We are tracking earnings very closely. For the third quarter of this year, the S&P 500 collectively earned about $54. Stock prices have been rising based on that number’s sequential growing at a robust rate. For the last five quarters we have been watching upward revisions taking place in earnings estimates as the US economy has recovered from the March–April 2020 decline of Great Depression era proportions.
 
Now the issue is, what happens next?
 
True confession: we really don’t know. And Omicron, which was expected to be named “Nu” for a few hours until WHO named it Omicron instead, has administered a shock the size of which is still to be determined as we learn more about what to expect.
 
Here’s a snippet. Hat tip to Paul Schulte in Singapore. “The news from South African hospitals is that 1) cases of ICU and oxygenation were up four fold from a few weeks ago. From about 150 to about 650. Bad news. But the good news is that ONE HUNDRED PERCENT OF THOSE IN ICU OR ON OXYGEN for the new variant were unvaccinated or had a single shot. The German Minister of Health put it well. ‘you can get vaccinated. Or you can get sick. Or you can die. You decide.’“
 
Here’s Michael Drury on the “statistical discrepancy”. We thank him for this excellent analysis of the issue.
 


 
Weekly Economic Update
Michael Drury, Chief Economist
McVean Trading and Investments LLC
(https://www.mcvean.com)
Volume 100, Number 8
November 26, 2021
 
We hope you all had a wonderful Thanksgiving – because Black Friday was a real downer, with the announcement of a new COVID variant sparking a hectic run to safety in the financial markets.

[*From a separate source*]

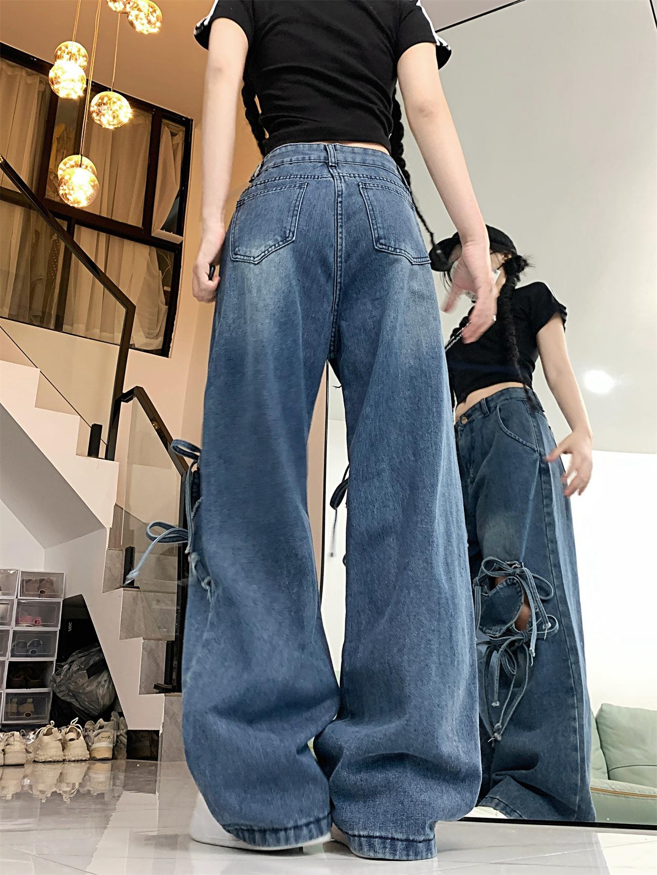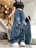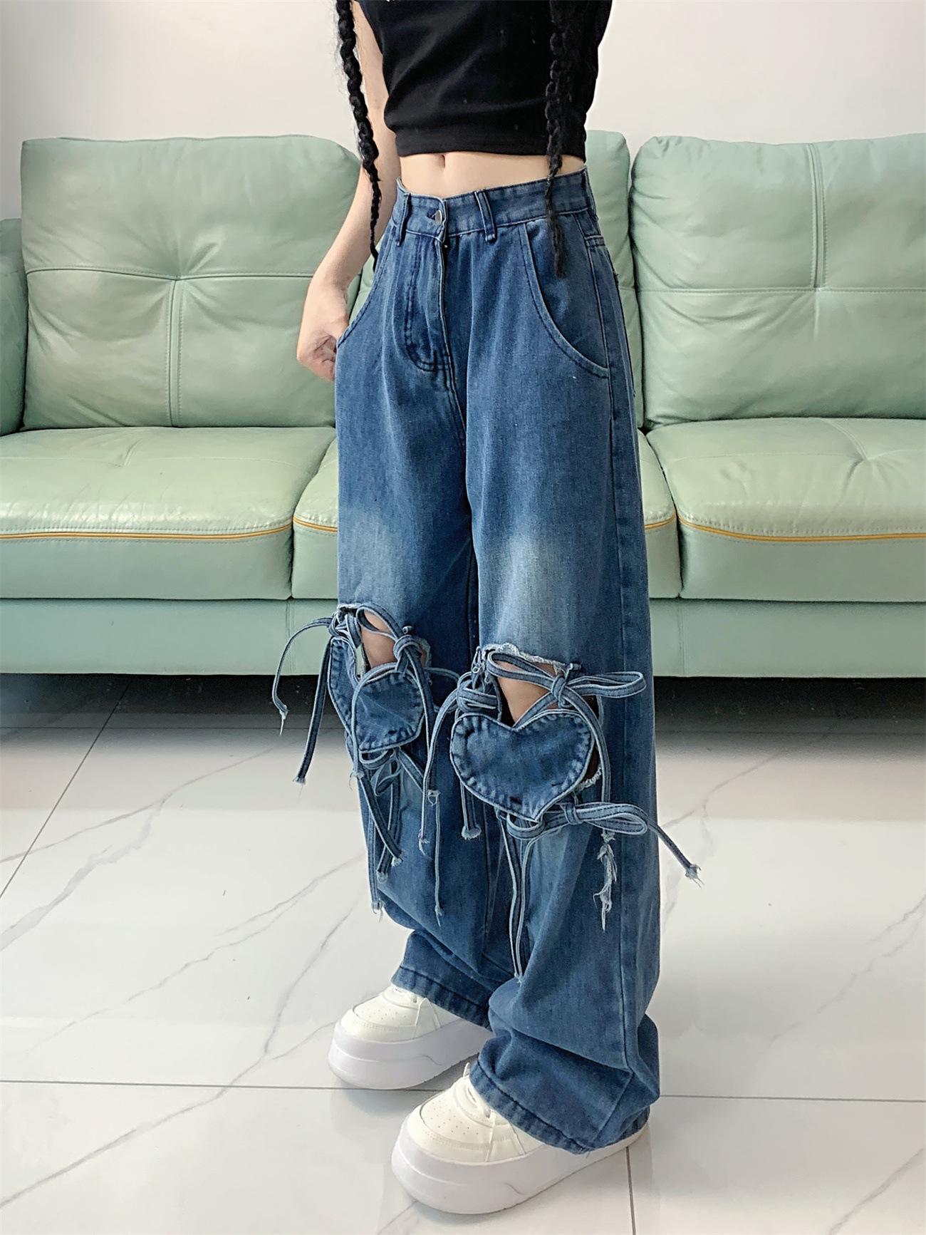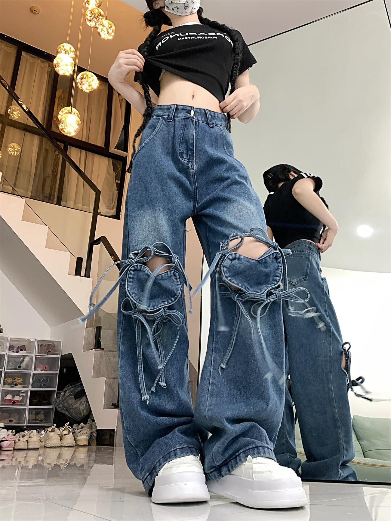 Jeans para Mujer, Ropa Dopamina de Primavera, Diseño Retro de Tirantes Love, Pantalones Rectos de Moda para Mujer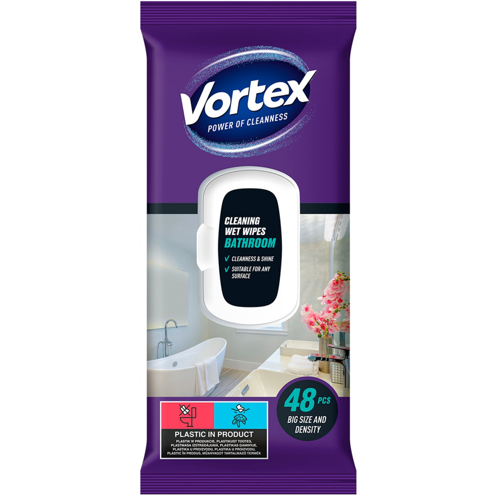 Chusteczki nawilżane VORTEX, do łazienki, z klapką, 48 szt.

Crude oil crashed over ten dollars, to $68.15, as options expiration compounded the sell-off. Ten-year notes plunged 16 basis points to 1.47% and the S&P500 fell 106 points, or 2.27%. The US holiday thinned trading, but the sensitivity of global markets to bad news illustrates the dubious underpinnings of asset prices. Renewed shutdowns in Europe and the rising spread of the virus in the north of America had already raised concerns. The potential for a variant which may evade vaccinations – even in the heavily vaccinated developed nations – raised the specter of a return to widespread quarantines and their negative consequences for growth.
 
Ahead of Thanksgiving, a deluge of data painted a mixed picture of the economy, with real consumption appearing much stronger than expected, while capital spending and housing continued to sink as inflation sapped strength from volume. Even the surge in consumer activity is clouded by the fact that holiday shopping has been pulled well forward due to concern about availability at any price. Thin inventories suggest some payback over the next two months. Now, concern about both the supply of holiday services -- with potential closings or avoidance of entertainment venues and restaurants -- and demand for goods, if shoppers stay home, threaten to truncate the fourth quarter bounce and an above trend performance in 2022. We were already in the bearish camp, in part because we never thought COVID issues were fully behind us – either as to how they affect consumer behavior or through their impact of supply chains, especially in Asia.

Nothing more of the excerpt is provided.